Where $X<0$, $Y$ is $1$. Where $0\leq X\leq1$, $Y$ is $2$. Thereafter, the curve is a downward sloping straight line with slope $-1$, due to the second term in basis function $b_1$. The basis function $b_2$ does not affect values for $X$ between $-2$ and $2$.
```{r}
x <- seq(-2, 2, 0.001)
y <- 1 + 
  ifelse(x >= 0 & x <=2, 1, 0) - 
  ifelse(x >= 1 & x <= 2, x - 1, 0) +
  3 * (ifelse(x >= 3 & x <= 4, x - 3, 0) + 
         ifelse(x > 4 & x <= 5, 1, 0))
dat <- data.frame(x = x, y = y)
ggplot(dat) +
  geom_path(aes(x = x, y = y)) +
  scale_y_continuous(labels = function(x) round(x),
                     limits = c(0,3)) +
  theme_minimal()
```

## Exercise 5
**Consider two curves, $\hat{g}_1$ and $\hat{g}_2$, defined by
$$
\hat{g}_1=\arg\min_g{\left(\sum\limits_{i=1}^n (y_i-g(x_i))^2+\lambda\int\left[g^{(3)}(x)\right]^2 dx\right)},\\
\hat{g}_2=\arg\min_g{\left(\sum\limits_{i=1}^n (y_i-g(x_i))^2+\lambda\int\left[g^{(4)}(x)\right]^2 dx\right)}\\
$$
where $g^{(m)}$ represents the $m$th derivative of $g$.**

**(a) As $\lambda\rightarrow\infty$, will $\hat{g}_1$ or $\hat{g}_2$ have the smaller training RSS?  
(b) As $\lambda\rightarrow\infty$, will $\hat{g}_1$ or $\hat{g}_2$ have the smaller test RSS?  
(c) For $\lambda=0$, will $\hat{g}_1$ or $\hat{g}_2$ have the smaller training and test RSS?**

As $\lambda\rightarrow\infty$, the less constrained curve will have a smaller training RSS as it will fit the data more closely with a higher order polynomial. This would be $\hat{g}_2$ because its penalty term uses a higher order derivative.

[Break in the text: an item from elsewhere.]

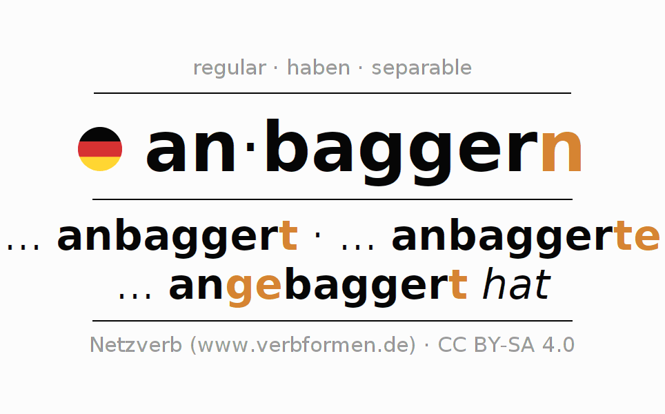 Tablas de verbos para la conjugación de an·baggern en línea, representadas de forma simple, con todas las construcciones verbales en singular y plural, en todas las personas gramaticales (1ª persona, 2ª persona, 3ª persona). El practicar la conjugación del verbo an·baggern es útil para tareas, exámenes, la escuela, la universidad, las clases de alemán y para los estudiantes adultos. Especialmente para los estudiantes del alemán es muy importante el conjugar los verbos y el formar las raíces verbales de forma correcta. Aquí encuentras más información acerca del tema Wiktionary anbaggern und unter anbaggern im Duden.
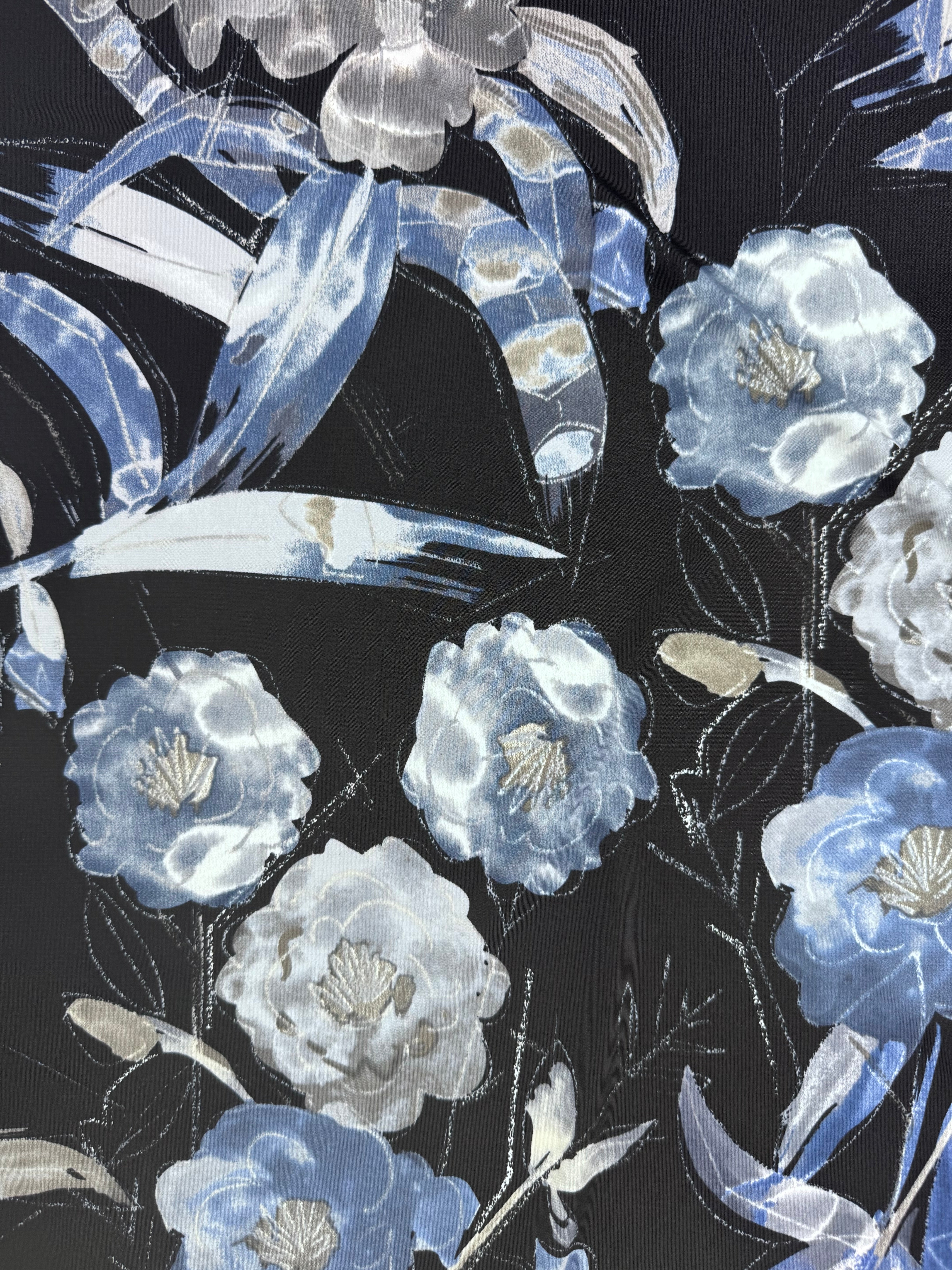 Designer Printed Lycra - Indigo Sakura - 150cm

We do not have enough information to determine with certainty which curve would have a higher or lower test RSS. While it is likely that $\hat{g}_1$ would have a lower test RSS than $\hat{g}_2$ because the latter would overfit the data, if we have a lot of data where the relationship between the predictors and the response variable is very non-linear, $\hat{g}_2$ may provide a better fit and hence have a lower test RSS. 

Where $\lambda=0$, the two curves are identical because the penalty terms are zero and hence they would have the same training and test RSS.